CASH FLOWS FROM FINANCING ACTIVITIES
      Redemption of shares                                                            --             (44,825)
      Deferred offering costs                                                    (53,474)                 --
      Receipt of subscriptions receivable                                             --             265,511
      Payment of mortgage notes payable                                           (6,642)                 --
      Organizational and offering costs                                             (354)                 --
      Dividends paid                                                            (150,026)           (162,987)
                                                                             -----------         -----------
            Net cash provided by (used in) financing activities                 (210,496)             57,699
                                                                             -----------         -----------

NET INCREASE (DECREASE) IN CASH                                                   23,143             589,165
CASH AT BEGINNING OF PERIOD                                                       66,798             829,978
                                                                             -----------         -----------

CASH AT END OF PERIOD                                                        $    89,941         $ 1,419,143
                                                                             ===========         ===========


SUPPLEMENTAL CASH FLOW INFORMATION:
      Interest expense paid                                                  $        --         $        --
      Taxes paid                                                             $        --         $        --
</TABLE>




                 See accompanying notes to financial statements.
<PAGE>   6

                       CAPITAL ALLIANCE INCOME TRUST LTD.,
                         A REAL ESTATE INVESTMENT TRUST

                          NOTES TO FINANCIAL STATEMENTS
               FOR THE THREE MONTHS ENDED MARCH 31, 1997 AND 1996
                                   (UNAUDITED)


1.    Organization

      Capital Alliance Income Trust Ltd., A Real Estate Investment Trust (the
      "Trust"), a Delaware corporation, primarily invests in mortgage loans
      secured by real estate. The Trust was formed December 12, 1995 to
      facilitate the combination of the mortgage investment operations of
      Capital Alliance Income Trust I, a Delaware business trust, and Capital
      Alliance Income Trust II, a Delaware business trust, (collectively
      referred to as the "Predecessors", individually referred to as "CAIT I"
      and "CAIT II", respectively). CAIT I and CAIT II were both privately-held
      mortgage investment trusts which invested primarily in loans secured by
      deeds of trust on one-to-four unit residential properties. The Manager,
      Capital Alliance Advisors, Inc. (the "Manager") originates, services and
      sells the Trust's loans.

      The effective date of the combination (the "Combination") was midnight
      April 30, 1996, pursuant to the issuance of a permit by the California
      Commissioner of Corporations which qualified the issuance of the preferred
      shares of the Trust issued in the Combination. Under the Agreement and
      Plan of Reorganization among the Trust and the Predecessors, each
      outstanding share of the Predecessors' Class "A" shares was exchanged into
      one (1) share of the Trust's Series A preferred stock (the "Preferred
      Shares") and the outstanding shares of the Predecessors' Class "B" shares
      were exchanged into Preferred Shares equal to one percent (1%) of the
      total number of Preferred Shares to be issued in the Combination of the
      Predecessors.

      At midnight April 30, 1996, the Trust (Successor) exchanged 347,715 and
      296,015 Preferred Shares to CAIT I and CAIT II, respectively, for all
      whole shares of the Predecessors' outstanding Class "A" and Class "B"
      shares. Thereafter, all assets and liabilities of the Predecessors were
      transferred to the Trust.

      Effective February 12, 1997, the Trust registered its common shares with
      the Securities and Exchange Commission pursuant to the Securities Act of
      1933, as amended in connection with a "best efforts" offering of up to
      1,500,000 common shares at $8.00 per share. Pending the official notice of
      issuance, the shares will be listed on the American Stock Exchange. The
      Trust actively commenced marketing its shares in May, 1997.
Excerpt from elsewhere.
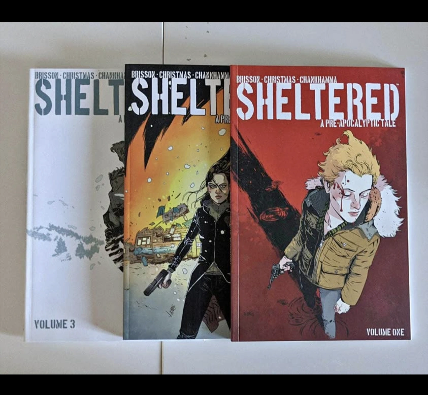 751Sheltered TPB's Vol 1-3 Image comics comic book graphic novels set "A PRE-APOCALYPTIC TALE OF SURVIVAL AT ANY COST.The men and women of Safe Haven have been preparing for any-and-all end of world scenarios for years. However, their bunkers, weapons and training can't save them from the one threat they never could have expected: Their own children."
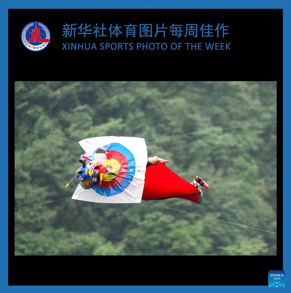 Zhang Shupeng of China competes during the flying through targets competition at the 10th World Wingsuit League (WWL) Wingsuit Flying World Championship at the Tianmen Mountain National Forest Park in Zhangjiajie, central China's Hunan Province, Sept. 19, 2024. (Xinhua/Chen Sihan)

2.    Basis of presentation

      The accompanying financial statements include the accounts of the Trust
      and the Predecessors. The financial information presented as of any date
      other than December 31 has been prepared from the books and records
      without audit. The accompanying financial statements have been prepared in
      accordance with the instructions to Form 10-Q and do not include all of
      the information and the footnotes required by generally accepted
      accounting principles for complete statements. In the opinion of
      management, all adjustments, consisting only of normal recurring
      adjustments, necessary for a fair presentation of such financial
      statements, have been included.

      The preparation of the financial statements in conformity with generally
      accepted accounting principles requires management to make estimates and
      assumptions that affect the reported amounts of assets and liabilities and
      disclosure of contingent assets and liabilities at the date of the
      financial statements and the reported amounts of revenues and expenses
      during the reporting period. Actual results could differ from those
      estimates.



<PAGE>   7

                       CAPITAL ALLIANCE INCOME TRUST LTD.,
                         A REAL ESTATE INVESTMENT TRUST

                          NOTES TO FINANCIAL STATEMENTS
               FOR THE THREE MONTHS ENDED MARCH 31, 1997 AND 1996
                                   (UNAUDITED)
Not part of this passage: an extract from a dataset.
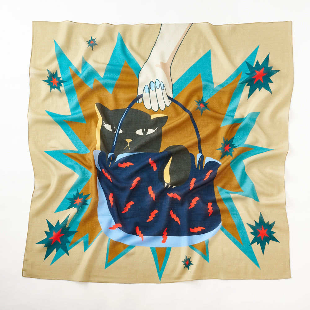 Écharpe Carrée Rose 'Chats Mystérieux' en Laine Mérinos Japonaise
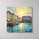 Gyllene ljus smälter över vattnet när färgglada stadshus i Nyhavn, förtöjda båtar och en väderbiten hamnbyggnad förvandlar Köpenhamn till en lysande nordlig dröm. Denna uttrycksfulla canvas-konst fångar värmen från den danska strandpromenaden med måleriska reflektioner, maritim charm och skandinavisk elegans. Perfekt för stilfulla interiörer, hotellrum eller reseinspirerade utrymmen, den ger lugn, färg och tidlös stadsromantik till vilken vägg som helst.

2.    Basis of presentation (continued)

      These financial statements should be read in conjunction with the
      financial statements and notes thereto for the year ended December 31,
      1996 contained in the Trust's 1996 Annual Report to Stockholders.

      The unaudited interim financial statements for the three months ended
      March 31, 1996 represent the combined financial statements of the
      Predecessors (prior to the merger). The unaudited interim financial
      statements for the three months ended March 31, 1997 represent the
      financial statements of the Trust (Successor) after the merger described
      in Note 1.

      The operations of the Predecessors have been combined with the Trust due
      to the common management and directors. The Combination has been accounted
      for as a purchase. CAIT I is considered the acquiring entity and CAIT II
      the acquired entity. The purchase price represents the net assets of CAIT
      II as of April 30, 1996 approximating $2,771,351. This amount is the
      carrying amount of assets less liabilities which approximates fair market
      value. Therefore, there is no excess purchase price or Goodwill. The fair
      market value of net assets acquired was used to determine the purchase
      price since the value of the Trust's Preferred Shares exchanged is not
      readily determinable and the fair value of net assets acquired is more
      clearly evident.

3.    Summary of significant accounting policies

      Cash and cash equivalents. Cash and cash equivalents include cash and
      liquid investments with an original maturity of three months or less. The
      Trust deposits cash in financial institutions insured by the Federal
      Deposit Insurance Corporation. At times, the Trust's account balances may
      exceed the insured limits. Restricted cash are amounts segregated and are
      to be disbursed only to mortgage loan borrowers upon completion of certain
      improvements on the secured property (see Note 4).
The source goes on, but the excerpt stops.